Materials and Methods

Study Area

The study center is SKANE RADIO-DIAGNOSTIC CENTRE a secondary  health facility located in Jos, the capital city Plateau State in North-Central Nigeria. SKANE serves as a referral center for Plateau Hospital, OLA hospital and Bingham Teaching Hospital mainly for diagnostic purposes. Plateau state is situated at an elevation of about 1,238 meter  above sea level. The city is geographically located between latitude 9055’N and  longitude 8054E.

Study Design

This study employs a hospital-based cross-sectional descriptive study. The design was chosen to determine the prevalence of Prostate BPH and CaP Specific levels and their distribution across different age categories among male patients who attended Jos University Teaching Hospital during the study period. Each subjects have gone through physical examination including DRE, Ultrasound.

Study Population

The study population consisted of Ninety-Two (92) male patients who attended Skane Radio-Diagnostic Centre.
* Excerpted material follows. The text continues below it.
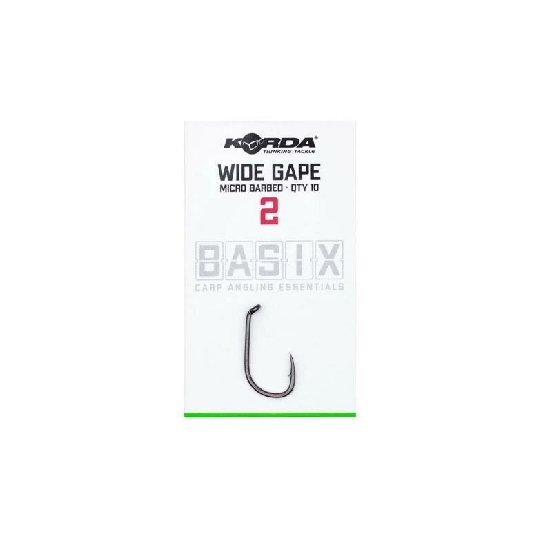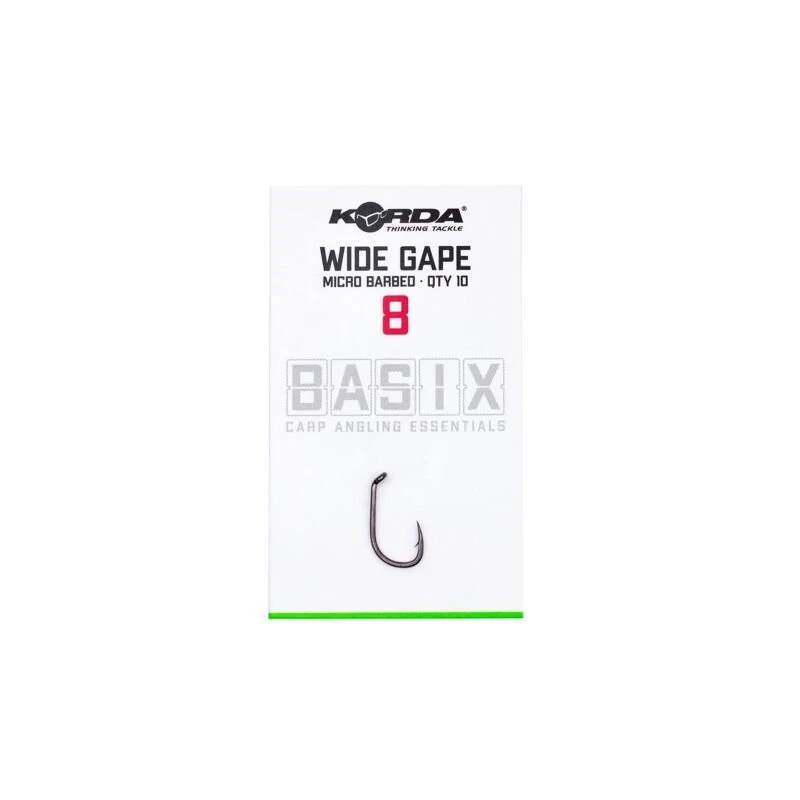 De Korda Basix Wide Gape haken zijn gemaakt op een allround doelgroep karpervissers. Deze kunnen perfect gebruikt worden voor een breed scala aan ready rigs zonder daar extra componenten aan hoeven toe te voegen. Of je nou met boilies, pop-ups of wafters vist, deze haken zijn voor iedere situatie geschikt. Door de agressieve in-turned oog draait de haak heel snel en grijpt meteen in de mond van de vis zonder dat er kickers of alligners gebruikt hoeven te worden. De haak wordt gemaakt met X Gauge wire. Dus is het overal te gebruiken.

Diseases that form the spectrum are prostitis, BPH and Ca prostate. Serum PSA and USS results, DRE findings obtained from documented hospital records.  BPH and CaP can be diagnosed by ultrasound and prostatis was diagnosed clinically by tenderness of the of the gland.

 DRE Patients with incomplete records, duplicate entries, or inconclusive laboratory results were excluded.

Data Collection

Data were obtained from the hospital’s laboratory information management system and patient records in the Pathology. Relevant variables extracted included Patient age and prostate sizte serum PSA levels (ng/mL). The data collection was carried  out with strict adherence to patient confidentiality.  Prostate  sonography findings of each patient was obtained from hospital records .

RESULTS 

This report presents  is results a comprehensive statistical, clinical and visualization-based analysis of prostate health data. The data set initially contained 92 records; however, one was removed due to inconsistency, resulting in 91 valid entries. This result presents  with prostate size, PSA concentration, prostate volume, Age and BPA for prostatis.

Descriptive Statistics

  • Mean: 12.06ng/l
  • Min: 0.20
  • Max: 105.80

Age:

  • Mean: 65.93 years
  • Min: 50
  • Max: 81

Prostate Volume:

  • Mean: 127.71cm3
  • Min: 3 cm
  • Max: 380cm

The data set represents an older adult male population with diverse prostate conditions. PSA and values show high variability, suggesting both benign and malignant conditions.

Relationship Summary

  • PSA Volume: Weak correlation
  • Volume vs Age: Weak correlation
  • PSA vs Size: Weak correlation
  • PSA vs Diagnosis: strong differentiation

Overall Clinical Inferences

  1. PSA is a strong indicator of malignancy
  2. Prostate size varies independently of PSA and age
  3. BHP is the common condition (69%)
  4. CAP cases, though fewer, produce very high PSA values (20%)
  5. Visualization patterns reveal two populations:
  6. Large benign cluster (low-moderate PSA)
  7. Small malignant cluster (high PSA)
  8. E – Prostatis form in (2%)

Conclusion

This analysis confirms that PSA is the most reliable marker for differentiating prostate pathologies. Prostate volume and age alone are insufficient for predicting disease severity. The diagnostic and PSA patterns align with established clinical knowledge. These findings can guide screening, diagnosis and management of prostate health conditions.